# Goal of the exercise
Return the data below exactly as given, except for the images.

# The data
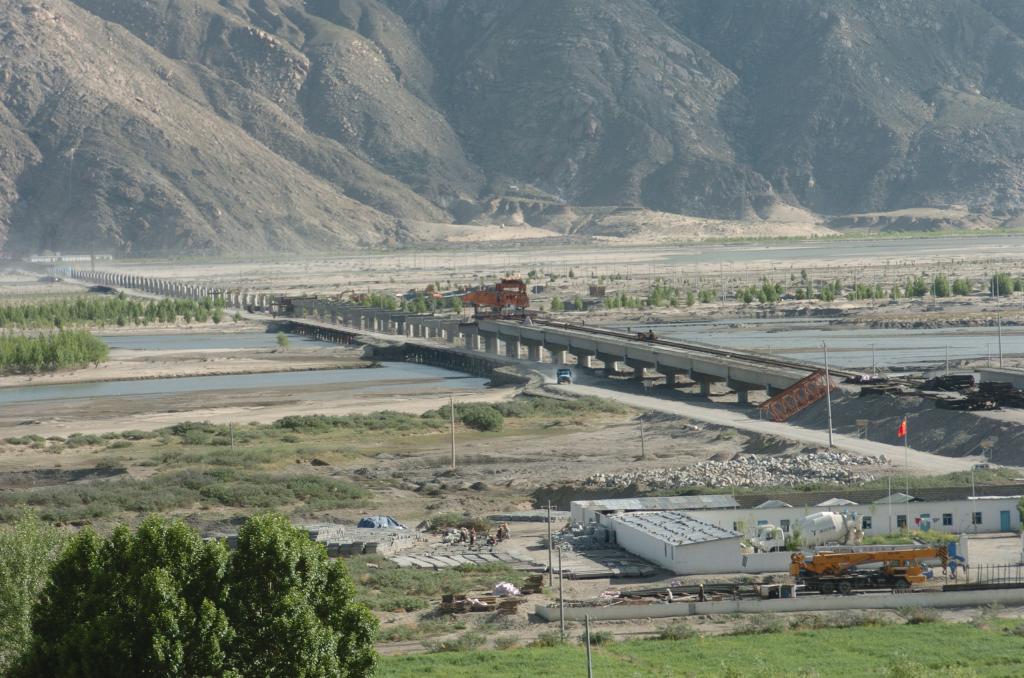 這是2004年6月7日拍攝的建設(shè)中的跨雅魯藏布江特大橋。新華社記者 土登 攝
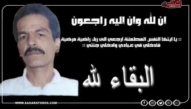 ببالغ الأسى والحزن تلقينا نبأ وفاة المرحوم بإذن الله “سيدي المحفوظ ولد حمودي ولد كويرينة” عم الزميل والمدير العام لمؤسسة “صحراء توذوس” يوسف لميسي، الذي وافاه الأجل وغادرنا لدار البقاء بعد صراع مع المرض بمدينة الرباط..
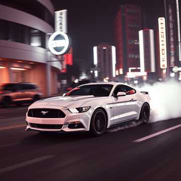 Mustang nocą — błyska felga, dym leci pod niebo,

# Result
 這是2004年6月7日拍攝的建設(shè)中的跨雅魯藏布江特大橋。新華社記者 土登 攝
 ببالغ الأسى والحزن تلقينا نبأ وفاة المرحوم بإذن الله “سيدي المحفوظ ولد حمودي ولد كويرينة” عم الزميل والمدير العام لمؤسسة “صحراء توذوس” يوسف لميسي، الذي وافاه الأجل وغادرنا لدار البقاء بعد صراع مع المرض بمدينة الرباط..
 Mustang nocą — błyska felga, dym leci pod niebo,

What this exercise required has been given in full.